DESCRIPTION OF THE TASK:
Reproduce verbatim the lines of the material below, starting at the line with "Beim Betreten der" and ending at the line with "Grandma walks around", both inclusive; skip the rest.

DATA EXTRACT:
+===+

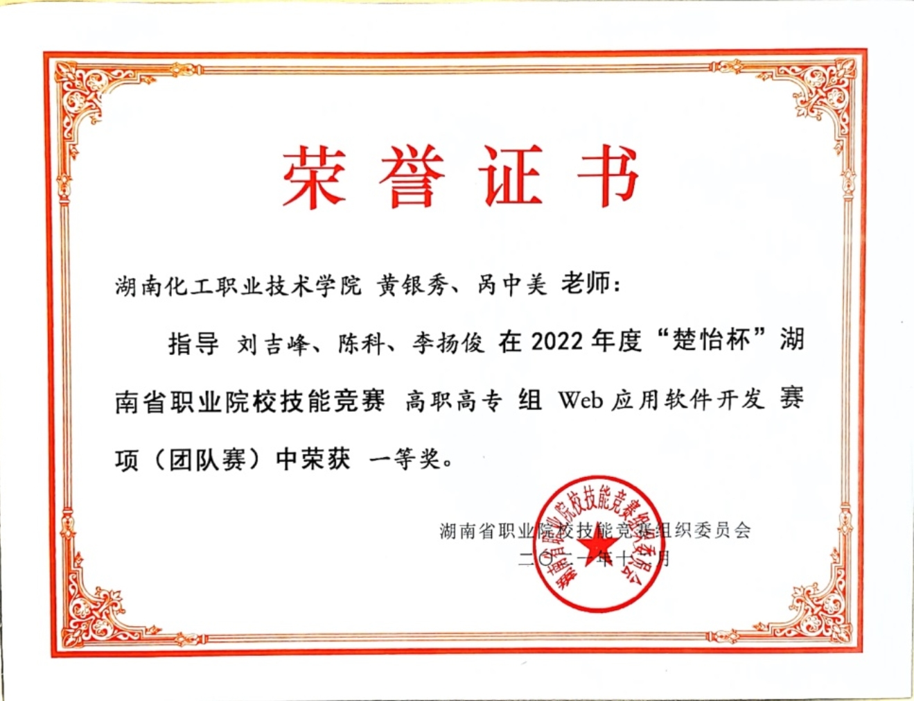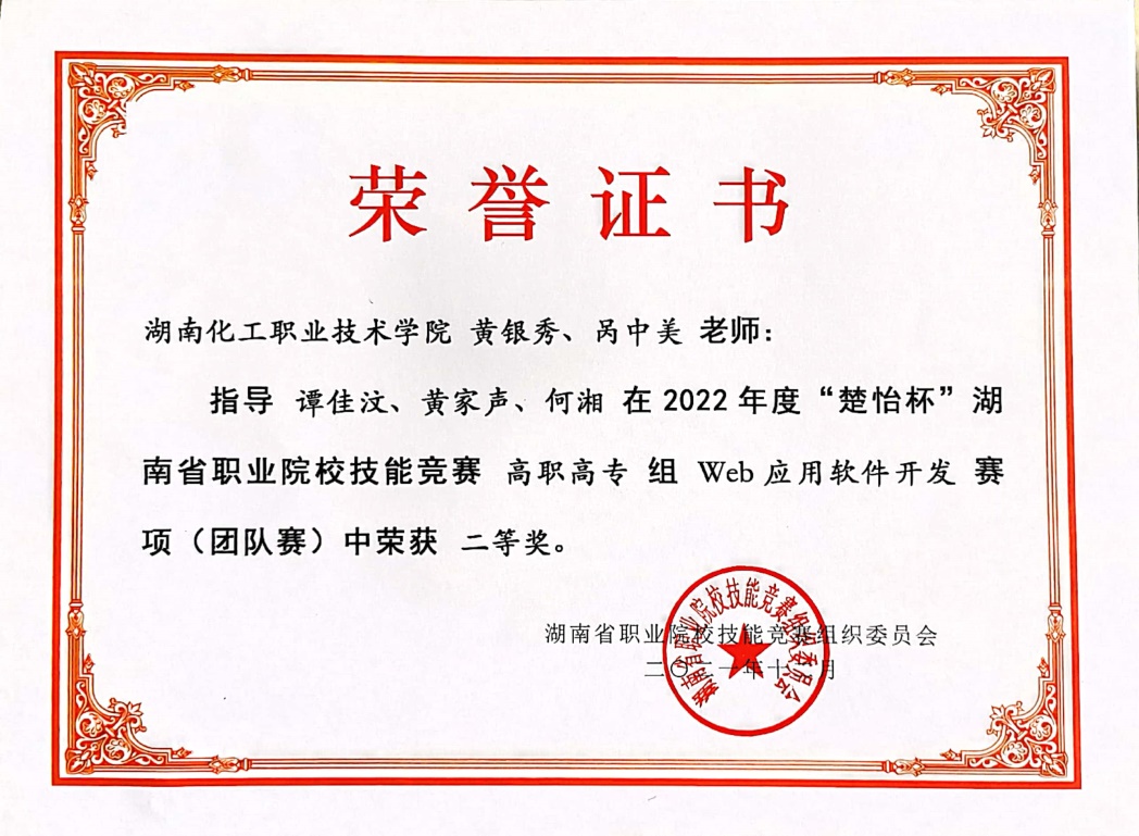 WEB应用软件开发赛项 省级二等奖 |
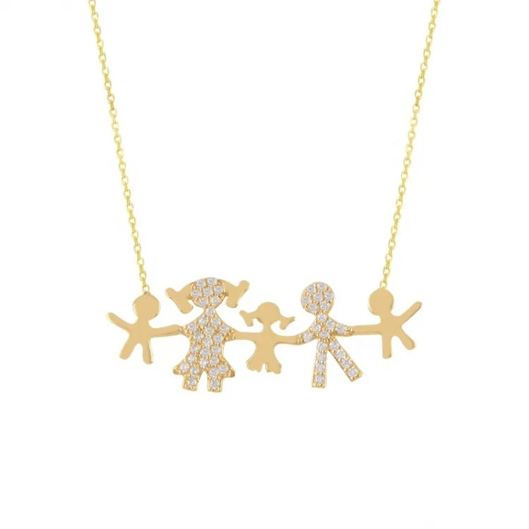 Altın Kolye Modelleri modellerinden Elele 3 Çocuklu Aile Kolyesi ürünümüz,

+===+

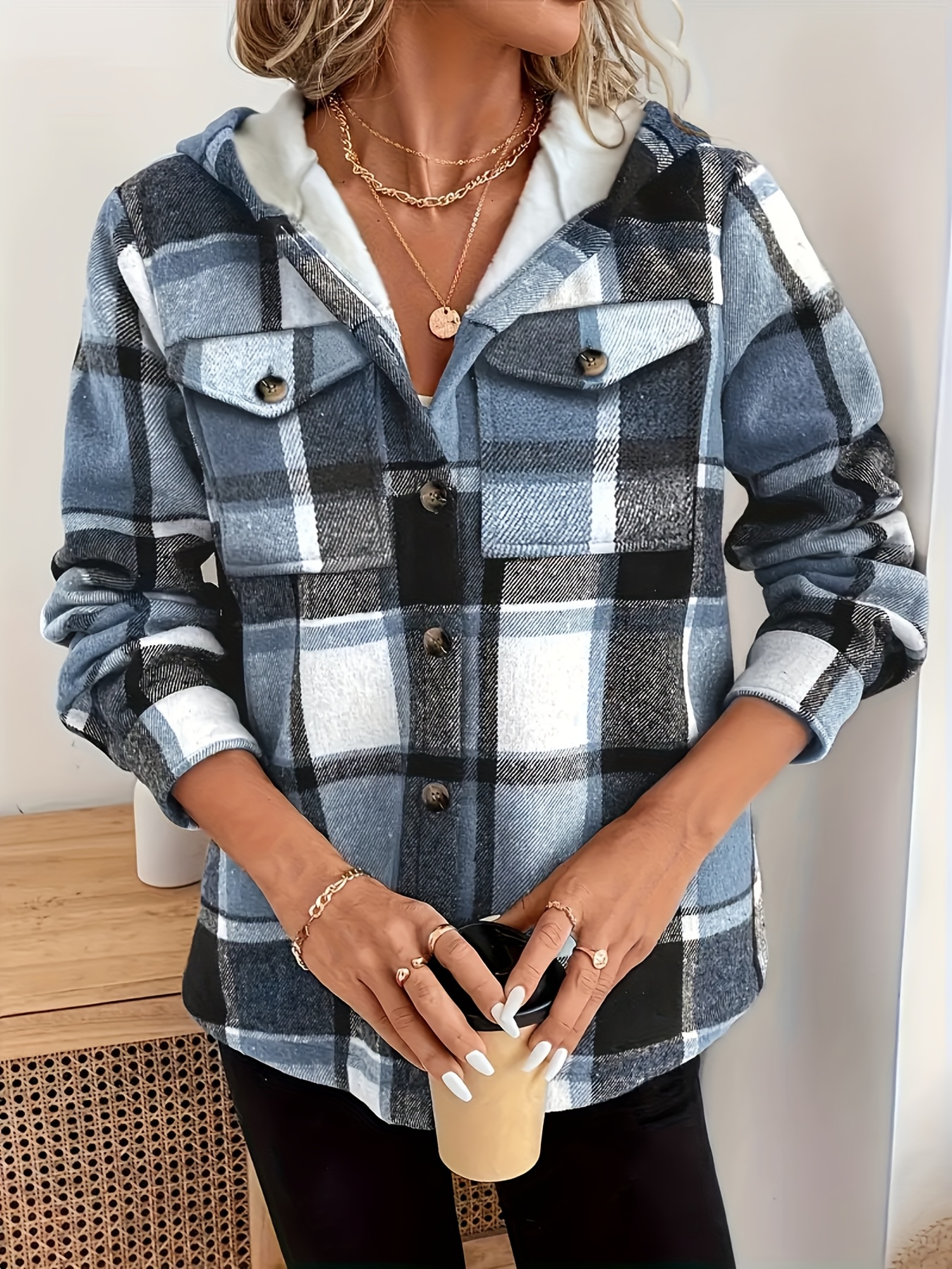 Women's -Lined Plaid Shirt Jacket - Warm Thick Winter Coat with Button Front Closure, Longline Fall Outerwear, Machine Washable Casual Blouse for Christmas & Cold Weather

+===+

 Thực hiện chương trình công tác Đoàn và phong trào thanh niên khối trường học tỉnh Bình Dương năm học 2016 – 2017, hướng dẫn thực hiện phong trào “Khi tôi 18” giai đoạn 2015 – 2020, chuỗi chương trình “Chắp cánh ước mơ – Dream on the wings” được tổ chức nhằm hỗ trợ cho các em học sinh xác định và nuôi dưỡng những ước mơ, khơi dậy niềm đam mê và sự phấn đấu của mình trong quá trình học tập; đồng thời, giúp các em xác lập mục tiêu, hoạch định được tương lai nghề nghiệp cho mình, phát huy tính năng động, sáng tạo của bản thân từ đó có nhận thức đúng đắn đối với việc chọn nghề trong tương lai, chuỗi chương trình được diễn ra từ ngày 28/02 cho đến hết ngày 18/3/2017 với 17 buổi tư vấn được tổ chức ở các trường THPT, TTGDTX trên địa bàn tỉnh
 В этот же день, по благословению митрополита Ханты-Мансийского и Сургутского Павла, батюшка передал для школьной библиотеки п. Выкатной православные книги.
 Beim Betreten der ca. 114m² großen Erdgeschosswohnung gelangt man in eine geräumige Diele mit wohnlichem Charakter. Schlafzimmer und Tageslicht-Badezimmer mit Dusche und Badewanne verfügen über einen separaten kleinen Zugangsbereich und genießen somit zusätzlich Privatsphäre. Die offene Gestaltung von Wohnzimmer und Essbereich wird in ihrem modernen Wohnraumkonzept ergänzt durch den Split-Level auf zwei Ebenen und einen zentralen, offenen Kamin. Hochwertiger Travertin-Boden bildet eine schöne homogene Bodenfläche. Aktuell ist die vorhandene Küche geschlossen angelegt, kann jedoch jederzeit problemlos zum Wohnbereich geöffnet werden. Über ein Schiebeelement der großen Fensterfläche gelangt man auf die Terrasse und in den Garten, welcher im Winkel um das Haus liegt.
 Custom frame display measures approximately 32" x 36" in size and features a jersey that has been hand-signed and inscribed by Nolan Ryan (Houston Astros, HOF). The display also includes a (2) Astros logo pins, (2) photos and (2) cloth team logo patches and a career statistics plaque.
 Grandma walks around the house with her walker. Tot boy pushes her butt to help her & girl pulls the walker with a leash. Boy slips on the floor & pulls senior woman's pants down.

+===+

SOLUTION TO THE EXERCISE:
 Beim Betreten der ca. 114m² großen Erdgeschosswohnung gelangt man in eine geräumige Diele mit wohnlichem Charakter. Schlafzimmer und Tageslicht-Badezimmer mit Dusche und Badewanne verfügen über einen separaten kleinen Zugangsbereich und genießen somit zusätzlich Privatsphäre. Die offene Gestaltung von Wohnzimmer und Essbereich wird in ihrem modernen Wohnraumkonzept ergänzt durch den Split-Level auf zwei Ebenen und einen zentralen, offenen Kamin. Hochwertiger Travertin-Boden bildet eine schöne homogene Bodenfläche. Aktuell ist die vorhandene Küche geschlossen angelegt, kann jedoch jederzeit problemlos zum Wohnbereich geöffnet werden. Über ein Schiebeelement der großen Fensterfläche gelangt man auf die Terrasse und in den Garten, welcher im Winkel um das Haus liegt.
 Custom frame display measures approximately 32" x 36" in size and features a jersey that has been hand-signed and inscribed by Nolan Ryan (Houston Astros, HOF). The display also includes a (2) Astros logo pins, (2) photos and (2) cloth team logo patches and a career statistics plaque.
 Grandma walks around the house with her walker. Tot boy pushes her butt to help her & girl pulls the walker with a leash. Boy slips on the floor & pulls senior woman's pants down.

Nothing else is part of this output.